● **DESCRIPTION OF THE TASK**
Your answer should consist only of the lines below from the one with "Por ejemplo, en" through the one with "Atraskite pasaulį neišeidami", copied exactly.

------ EXTRACTED RECORDS ------

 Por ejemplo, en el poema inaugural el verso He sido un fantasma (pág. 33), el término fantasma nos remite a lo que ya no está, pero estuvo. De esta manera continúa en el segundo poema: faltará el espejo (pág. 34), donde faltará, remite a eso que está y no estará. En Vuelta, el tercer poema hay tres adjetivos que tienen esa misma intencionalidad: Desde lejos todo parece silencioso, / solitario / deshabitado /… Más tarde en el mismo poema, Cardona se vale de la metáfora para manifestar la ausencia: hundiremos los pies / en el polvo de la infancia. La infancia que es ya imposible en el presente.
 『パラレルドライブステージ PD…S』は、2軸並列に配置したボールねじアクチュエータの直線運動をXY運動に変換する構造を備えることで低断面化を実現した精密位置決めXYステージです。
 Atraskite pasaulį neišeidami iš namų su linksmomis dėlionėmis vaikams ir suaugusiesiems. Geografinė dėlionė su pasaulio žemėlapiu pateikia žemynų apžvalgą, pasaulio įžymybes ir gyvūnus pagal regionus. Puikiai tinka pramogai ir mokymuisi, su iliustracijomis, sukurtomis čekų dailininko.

------
------ EXTRACTED RECORDS ------

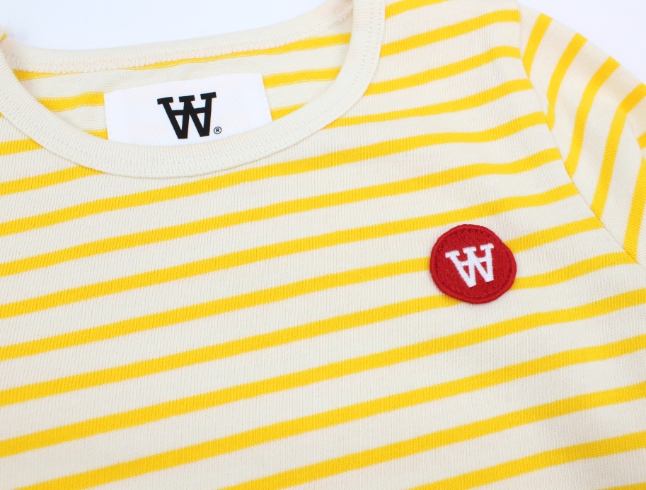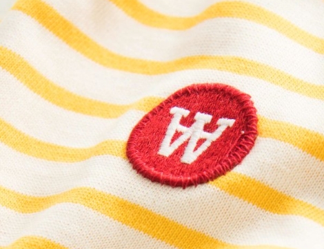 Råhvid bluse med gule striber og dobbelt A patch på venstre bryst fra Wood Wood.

------

● **ANSWER SECTION**
 Por ejemplo, en el poema inaugural el verso He sido un fantasma (pág. 33), el término fantasma nos remite a lo que ya no está, pero estuvo. De esta manera continúa en el segundo poema: faltará el espejo (pág. 34), donde faltará, remite a eso que está y no estará. En Vuelta, el tercer poema hay tres adjetivos que tienen esa misma intencionalidad: Desde lejos todo parece silencioso, / solitario / deshabitado /… Más tarde en el mismo poema, Cardona se vale de la metáfora para manifestar la ausencia: hundiremos los pies / en el polvo de la infancia. La infancia que es ya imposible en el presente.
 『パラレルドライブステージ PD…S』は、2軸並列に配置したボールねじアクチュエータの直線運動をXY運動に変換する構造を備えることで低断面化を実現した精密位置決めXYステージです。
 Atraskite pasaulį neišeidami iš namų su linksmomis dėlionėmis vaikams ir suaugusiesiems. Geografinė dėlionė su pasaulio žemėlapiu pateikia žemynų apžvalgą, pasaulio įžymybes ir gyvūnus pagal regionus. Puikiai tinka pramogai ir mokymuisi, su iliustracijomis, sukurtomis čekų dailininko.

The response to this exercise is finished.